Siccome il post sarà dedicato all’argomento “avete rotto i coglioni con ‘sta storia che Conte e Marotta erano/sono gobbi, pensiamo a vincere qualcosa ché non lo facciamo da un po’, santa polenta”, con l’aneddoto di cui sopra volevo chiarire con sincerità la mia posizione: ho ancora le mie teoriche difficoltà ad affrontare serenamente la questione. «Se non ti è chiaro quel che dico e dubiti che sia vero, guarda almeno se non dubiti di dubitarne; e, se sei certo di dubitare, cerca il motivo per cui sei certo. In questo caso senz’altro non ti si presenterà la luce di questo sole, ma la luce vera che illumina ogni uomo che viene in questo mondo». Non lo dicono Bernard-Henri Levy o Pierluigi Pardo , ma Sant’Agostino. E un po’ mi ci rivedo. Incontrassi Sant’Agostino per strada gli direi: “Non capisco bene ciò che dici, Maestro, ma intravvedo nelle tue parole il motivo per cui metto mano al controllore remoto del mio apparecchio televisivo”.
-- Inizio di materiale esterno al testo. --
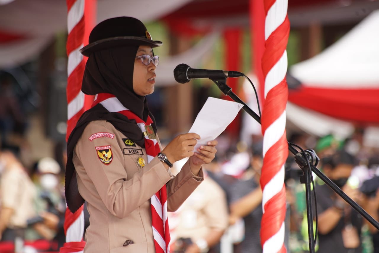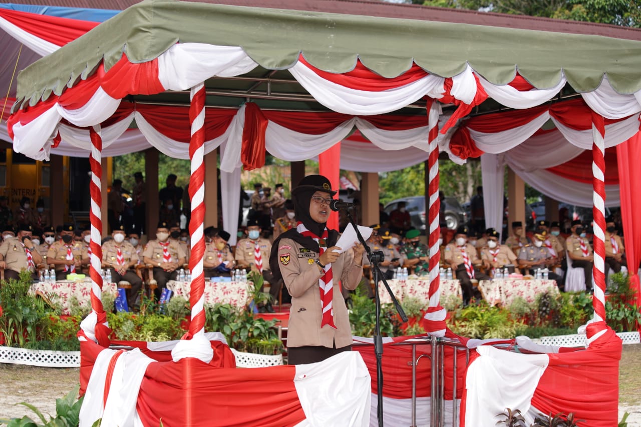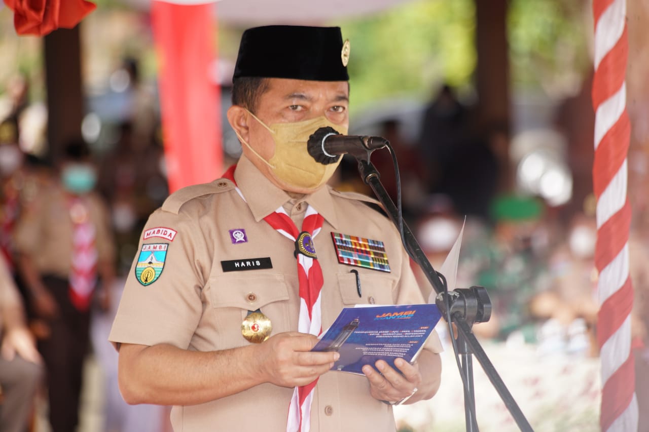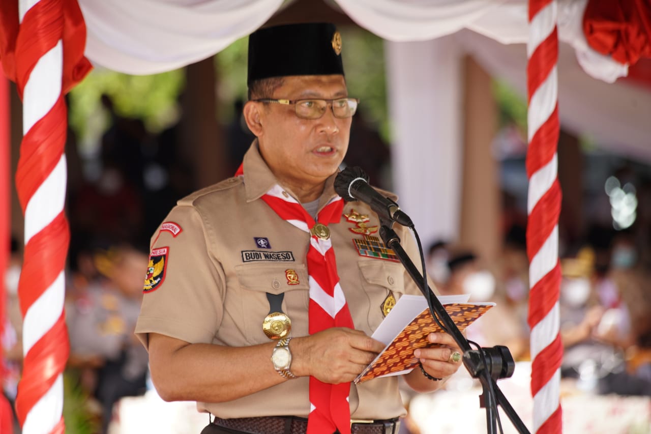Upacara pembukaan Perkemahan Wirakarya Nasional Tahun 2021 di Buper Abdurrahman Sayoeti, Muaro Jambi, Sabtu, 3 Desember 2021. Acara pembukaan PW Nasional 2021 dibuka secara resmi oleh Menteri Pemuda dan Olahraga RI, Kak Zainudin Amali.

Detto questo – tralasciando per brevità Marotta -, Conte è il mio allenatore.

E nelle ultime ore lo sto apprezzando parecchio, e non tanto per le tre vittorie consecutive contro tre squadrette di seconda o terza fascia. Lo apprezzo per il suo comportamento, che per alcuni è stato ipocrita e che invece io giudico esattamente all’opposto, nel segno cioè di una scomoda sincerità.
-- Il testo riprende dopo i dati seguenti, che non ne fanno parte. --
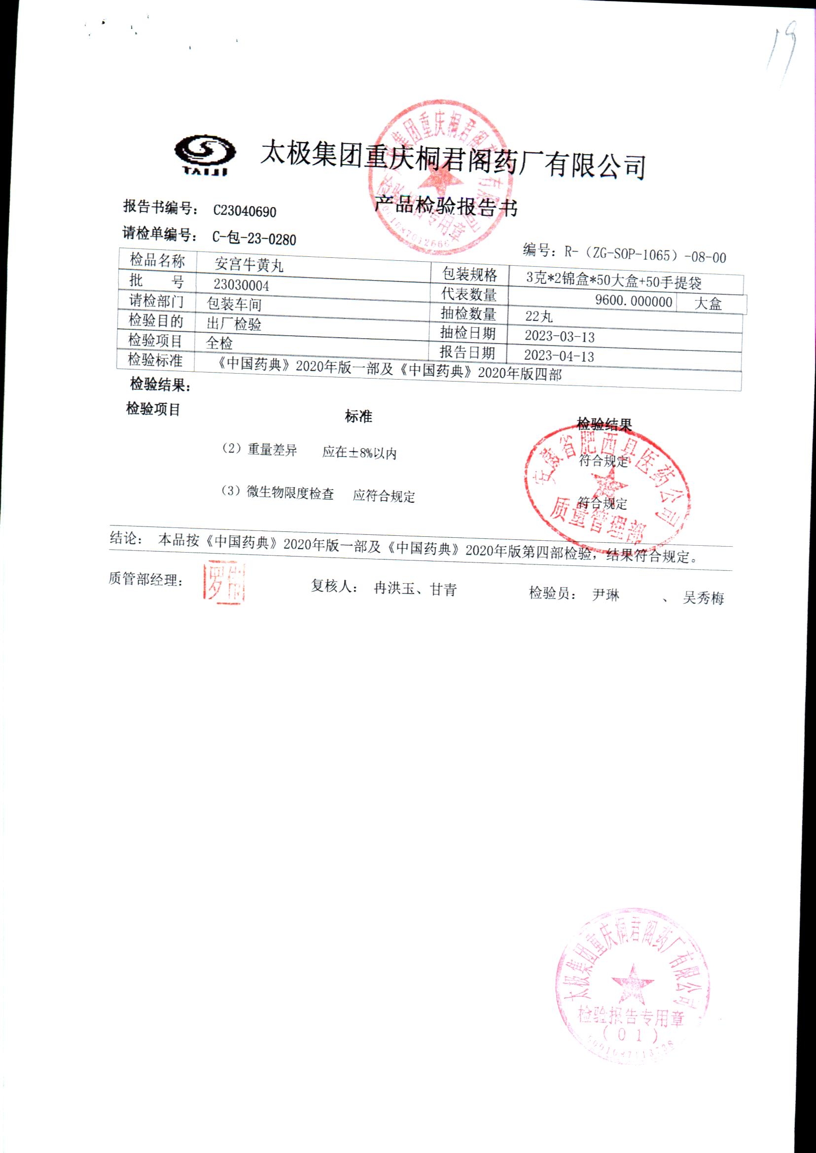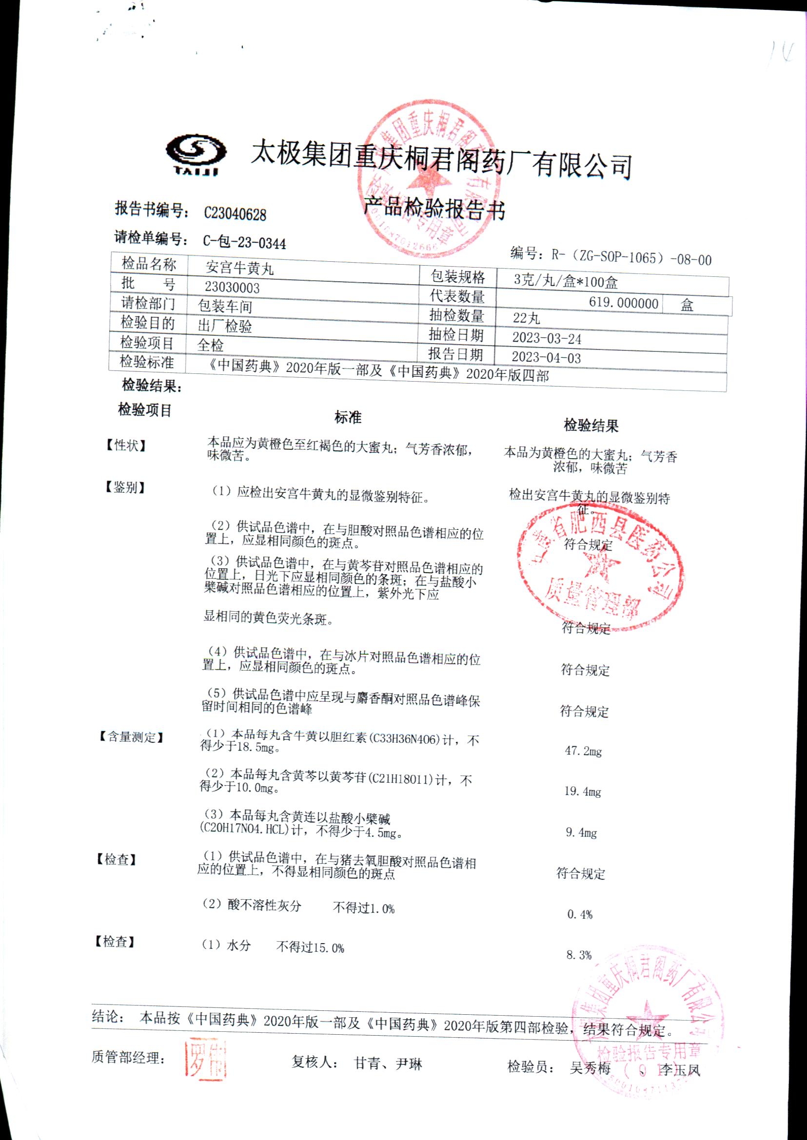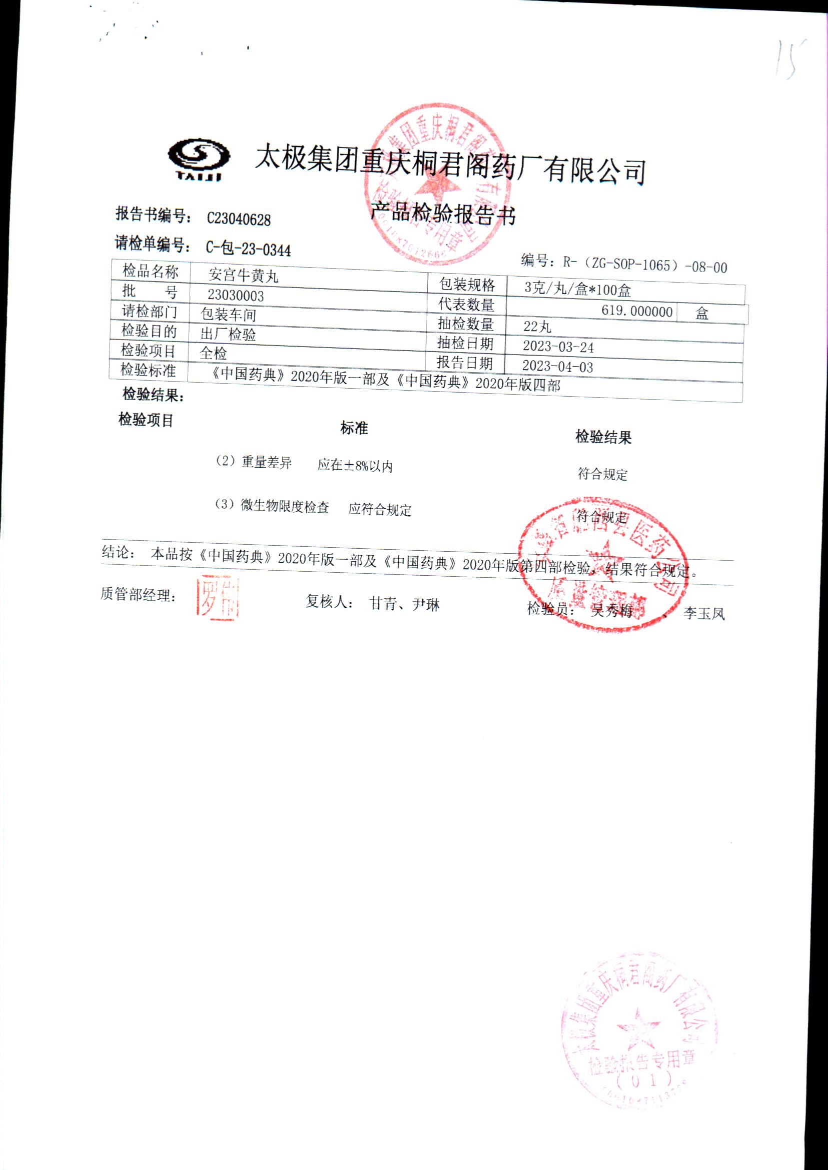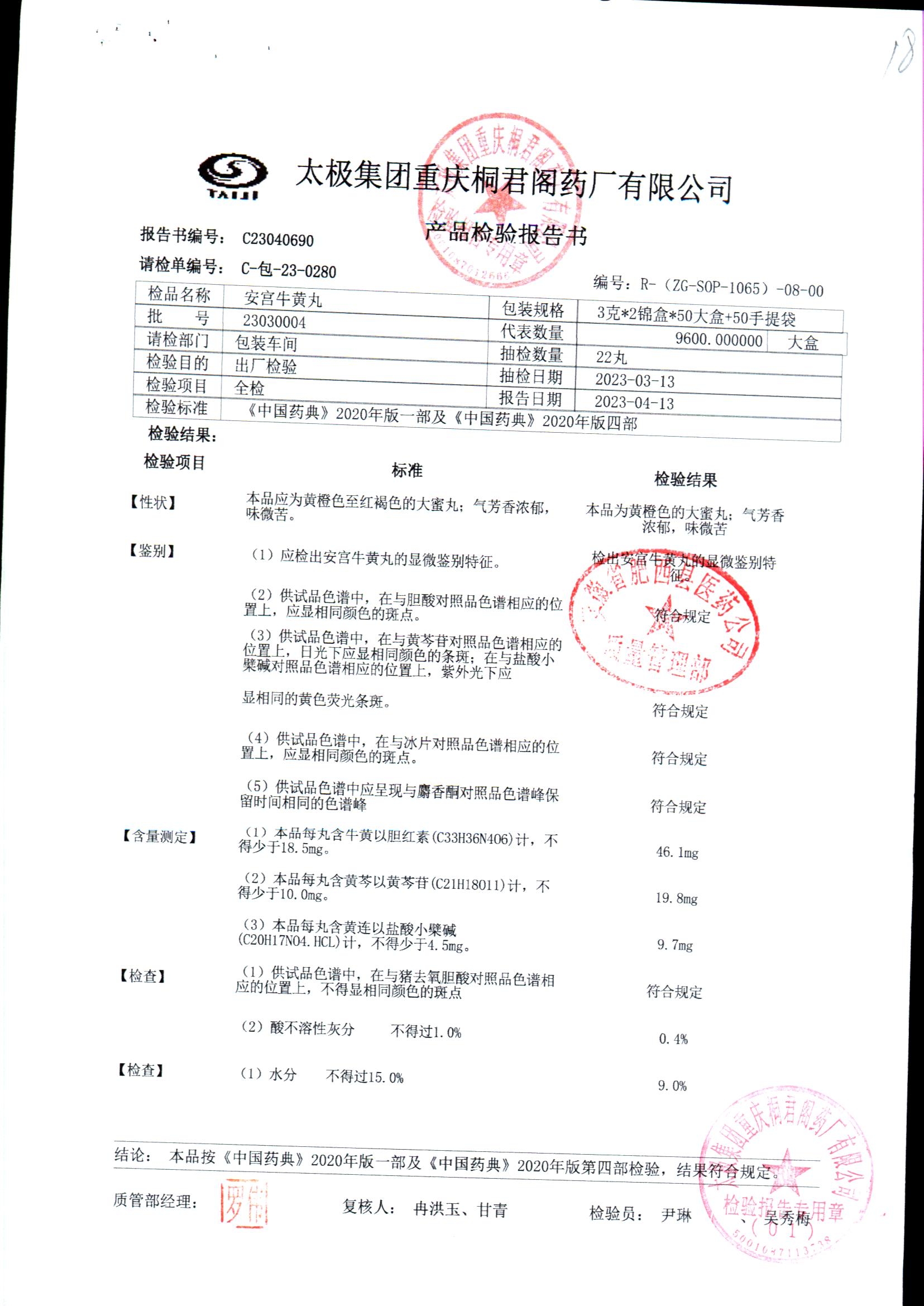 | 安宫牛黄丸 | 每丸重3g*1丸 | 23030004/2 | 查看详情 |

Iniziamo dal dibattitone sul mancato saltellamento al coro dei tifosi. “Chi non salta juventino è”, e lui non salta. Secondo un sillogismo di puro stampo aristotelico: Conte è gobbo. E invece io dico: Conte è serio. E’ stato tesserato della Juventus per16 stagioni, 13 da giocatore e tre da allenatore. Fa bene a non saltare. Non perchè, secondo il sillogismo, lui è juventino. Ma per una forma di rispetto che si deve a una maglia indossata per 16 anni e a chi ti ha fatto 192 lauti bonifici. Se Zenga o Cambiasso – i primi due che mi vengono in mente – assunti dalla Juve o dal Milan si mettessero a saltellare, noi cosa diremmo?
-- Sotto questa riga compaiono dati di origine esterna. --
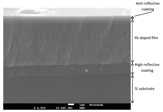 An active disk doped with 15 mol% YbO1.5, whose structure consisted of a 7-pair BM, an active layer with molar composition 71 SiO2-14 AlO1.5-15 YbO1.5 and a 3-layer ARC, deposited on single-crystal silicon, was observed by scanning electron microscopy (SEM) and Figure 10 shows the corresponding cross-sectional image. This active disk had an overall thickness of ~10 μm. In the highly reflective portion, it is possible to distinguish the individual BM layers, for a total of seven high/low index pairs. In addition, the fracture surface of the Yb-doped portion is typical of an amorphous material, without any visible grains at this magnification.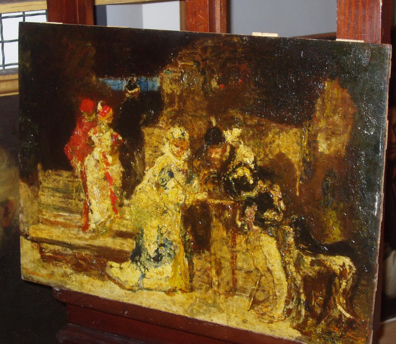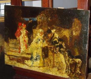 Le rendez vous. Groupe femme en blanc-bleu et homme trois figures au fond. Le rendez vous. Groupe femme en blanc-bleu et homme trois figures au fond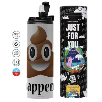 Shit Happens, Tumbler ποτήρι θερμό ΓΚΡΙ από ανοξείδωτο ατσάλι 600ml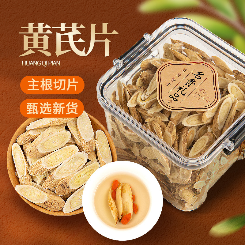 黄芪甘肃陇西产地现货黄芪片煲汤泡水泡茶无熏硫批发代发250g盒装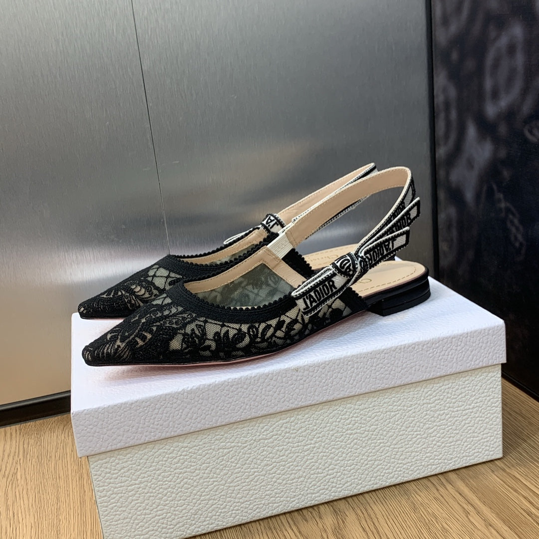 JAdior slingback flat transparent mesh embroidered black butterfly motif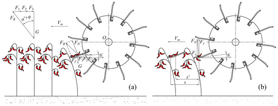 According to the movement of the pepper plant and the force, the role of the elastic tooth drum is divided into three successive processes: the elastic tooth and the pepper stalks are just in contact with the pepper stalks (the striking process), the pepper stalks and the pepper fruits are not separated by the supporting role of the drum (the stalk bending process), the pepper stalks and the pepper fruits are separated from the inertial force by the action of the rebound process.

Con la piccata frase in conferenza stampa a Sarri, poi, Conte ha rapidamente chiuso il cerchio. Se alla Juve porta giustamente rispetto, ne porta un po’ meno all’allenatore che siede in quella che fu la sua panchina e che alla sua prima partita butta lì una serie di piagnistei che a confronto Mazzarri era un fachiro. Che al 15 settembre il gioco sia già così duro, non so come la pensiate voi, ma per me è una bellezza. Conte ha risposto da professionista informato sui fatti. Uno che ha stato 16 stagioni alla Juve dice a Sarri: ma di che cazzo ti lamenti? Uno che è stato 16 stagioni alla Juve ha scelto di non far finta di non sapere che quella, quella che fu anche sua, è la “parte forte”. Lo dice ora che vede il mondo da un’altra angolazione, che è sempre di lusso ma non la migliore. Conte non deve rinnegare 16 anni di Juve, Conte deve portare la sua nuova squadra più in alto possibile. Conte è il mio allenatore, il resto – quando i patti sono chiari – è fuffa.